The window function is useful when using SQL for analysis. Let me first introduce what is window functions and why we should use them. I would like to summarise the types window functions with some easy examples.
What is a window function
As Per the PostgresSQL documentation:
A window function performs a calculation across a set of table rows that are somehow related to the current row…Behind the scenes, the window function is able to access more than just the current row of the query result.
Window functions applies aggregate and ranking functions over a particular window (set of rows). OVER clause is used with window functions to define that window.
Why to use window functions
- Window functions are simple to use and read.
- It allows you to work with both aggregate and non-aggregate values all at once.
- Window functions increase the efficiency and reduce the complexity of queries.
- Decrease the performance issues. For example, you can use a window function instead of having to do a self-join or cross-join.
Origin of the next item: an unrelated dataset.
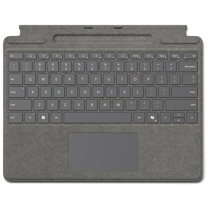 Alcantara Platinum Type Cover for Surface Pro 10/9/8/X (Business). German QWERTZ, Copilot key, integrated pen storage, touchpad, connects via Microsoft Cover port.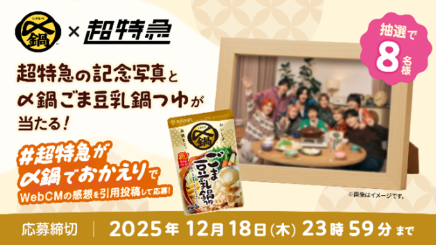 WebCMの公開を記念して、「〆鍋を楽しむ超特急の記念写真&〆鍋 ごま豆乳鍋つゆセット」が抽選で8名様に当たる、プレゼントキャンペーンを実施いたします。

How to use window functions
Window functions are initiated with the OVER clause, and are configured using three concepts:
- window partition (PARTITION BY) - Groups rows into partitions
- window ordering (ORDER BY) - Orders rows within those partitions into a particular order
- window frame (ROWS) - Defines the window by use of an offset from the specified row
Types of window functions
- Aggregate Function
- Ranking Function
- Value Function
OVER([PARTITION BY partition_list] [ORDER BY order_list] ROWS frame_couse) AS new_column
- Window_Function : It is the Name of the window function. for example any aggregate or ranking function.
- Expression - Column on which window function is to be applied.
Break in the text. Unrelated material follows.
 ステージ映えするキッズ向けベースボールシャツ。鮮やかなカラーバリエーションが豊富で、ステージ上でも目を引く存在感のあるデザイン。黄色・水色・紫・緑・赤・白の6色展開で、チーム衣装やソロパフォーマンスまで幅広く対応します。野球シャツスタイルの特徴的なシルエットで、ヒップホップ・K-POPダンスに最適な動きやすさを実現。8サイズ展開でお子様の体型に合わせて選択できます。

- OVER - To signify that this is a window function.
- PARTITION BY - It divides the rows into partitions.
- partition_list - It is the name of the column(s) we want to partition by
- ORDER BY - It is used so that we can order the rows within each partition. This is optional and does not have to be specified
- order_list- It is the Name of the column(s) we want to order by
- new_column- Name of new column
- table_name-Name of the table
- ROWS- It is use to limit the rows within our partition.[optional]
- frame_clause - frame_clause defines the group of rows that create the window frame. The frame_clause supports the following frames:
- RANGE UNBOUNDED PRECEDING
- RANGE BETWEEN CURRENT ROW AND CURRENT ROW
Various aggregate functions such as AVERAGE(), SUM(), COUNT(), MAX(), MIN() applied over a particular window (set of rows) are called aggregate window functions.
Think about it with a table that has Customer_Id, Product_name, City, Product_sale. Let's call this table the Product_info table.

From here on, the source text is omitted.